Introducing Storage Buckets on the Hugging Face Hub

Recently, Hugging Face introduced storage buckets. Hugging Face Hub has become an essential platform for sharing models and datasets and collaborating. However, training deep learning models often generates a large number of intermediate files that require frequent changes and version management, such as checkpoints, optimizer states, and processed data fragments. These files are not well-suited for management using the existing Git-based storage methods. Recognizing this issue, Hugging Face has developed storage buckets to enhance productivity and support efficient data management.
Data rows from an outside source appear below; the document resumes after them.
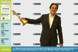 13.4.: Martin Kwauka läutet die Opening Bell für Freitag. Der Journalist und Vermögensberater ist als Veranstalter mit dem FJF Finanzjournalistenforum e.U. sehr aktiv. Nächstes Thema: "Asien-Aktien" http: www.finanzjournalistenforum.com www.facebook.com groups GeldanlageNetwork #goboersewien 12.4.: Andreas Böcskör läutet die Opening Bell für Donnerstag. Der Head of Investor Relations der SBO liess für den Börse Social Network Club unbürokratisch eine HV-Gastkarte ausstellen http: www.sbo.co.at www.facebook.com groups GeldanlageNetwork #goboersewien 11.4.: Irene Zöhrer , Julia Pleschke und Sandra Costea läuten die Opening Bell für Mittwoch. Das smoonr-Team hat digitale Kommunikation von Unternehmen un... » Weiterlesen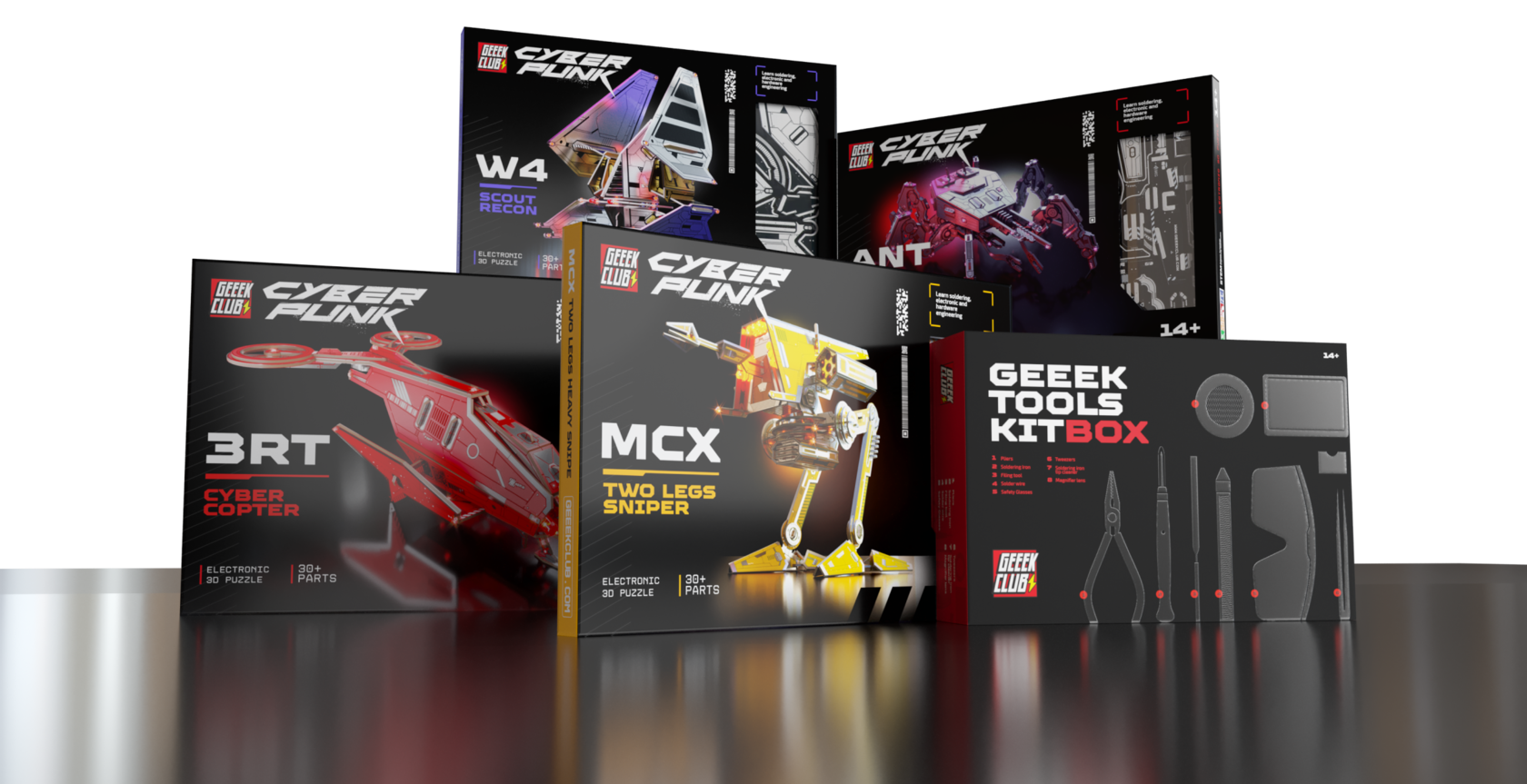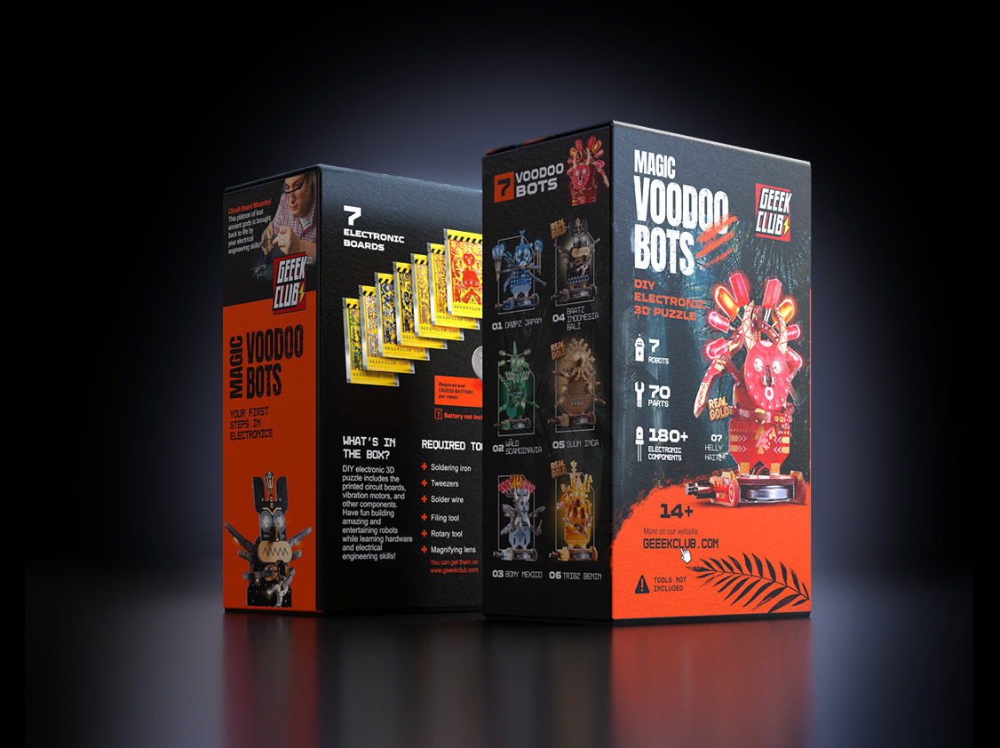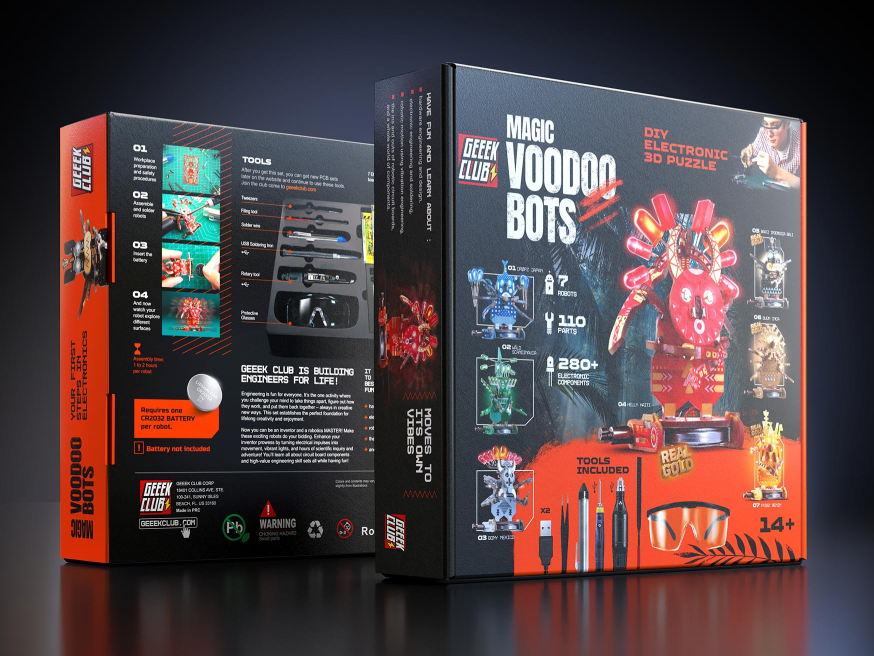 Each kit contains many steps to build your finished robot. And there is detailed soldering work. However, the instructions are very clear and any person with an ounce of "handiness" can easily build Geeek Club robots.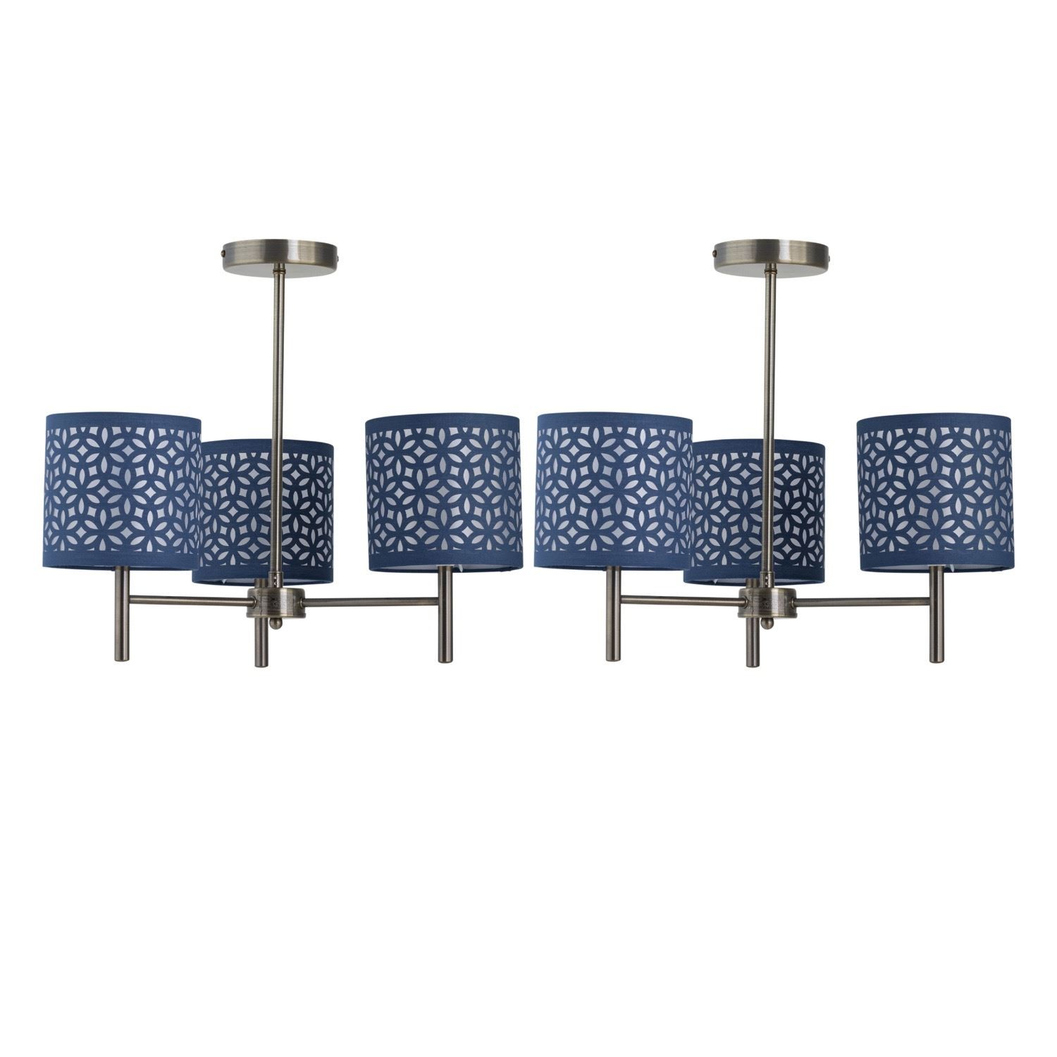 Set of 2 Modern Antique Brass Ceiling Light Fittings Navy Blue Cut Out Shades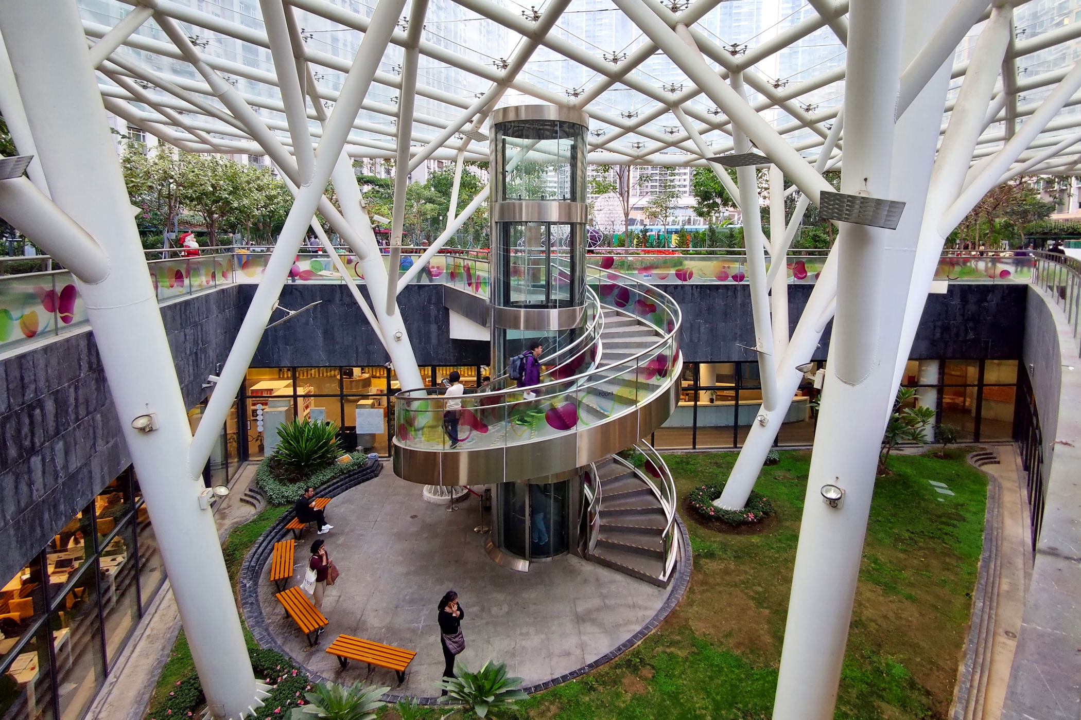 Krążąc po Parku Kwiatów dostrzegamy górujące w oddali wzgórze i prowadzącą na nie windę. Wędrujemy więc w tamtą stronę, aby z góry obejrzeć okolicę .

Storage buckets provide modifiable object storage similar to S3 and can be browsed on the hub and utilized through Python scripts. They leverage Xet technology, allowing for efficient management of ML artifacts with significant overlap between files, leading to reduced bandwidth, faster transfer speeds, and more efficient storage space utilization. For enterprise customers, this can reduce billing scales through deduplication.

Why Storage Buckets?

When training clusters persistently log checkpoints and optimizer states, data pipelines repeatedly process raw data, and agents store trace information, memories, and shared knowledge graphs, Git may not be the optimal abstraction. Storage buckets are designed to address these requirements. Buckets are versionless storage containers that exist within a user or organization namespace, follow standard Hugging Face permissions, can be configured as public or private, possess pages that can be viewed in a browser, and can be programmatically addressed using handles such as hf://buckets/username/my-training-bucket.

The Importance of Xet Technology

Storage buckets are built on Xet, Hugging Face’s unit-of-size storage backend, which is an important component. Xet does not treat files as single blobs but divides them into chunks and performs deduplication between them. When uploading a processed dataset that is nearly identical to the raw dataset, many chunks already exist. The same situation occurs when saving subsequent checkpoints with most of the model’s parameters frozen. This results in reduced bandwidth, faster transfer speeds, and more efficient storage space utilization.

These characteristics naturally suit ML workloads. Training pipelines consistently generate families of related artifacts: raw and processed data, subsequent checkpoints, agent traces, and derived summaries. Xet is designed to leverage this redundancy. For enterprise customers, billing is based on deduplicated storage space, which reduces the scale billed for shared chunks. Deduplication benefits both speed and cost. Storage buckets offer these technical advantages.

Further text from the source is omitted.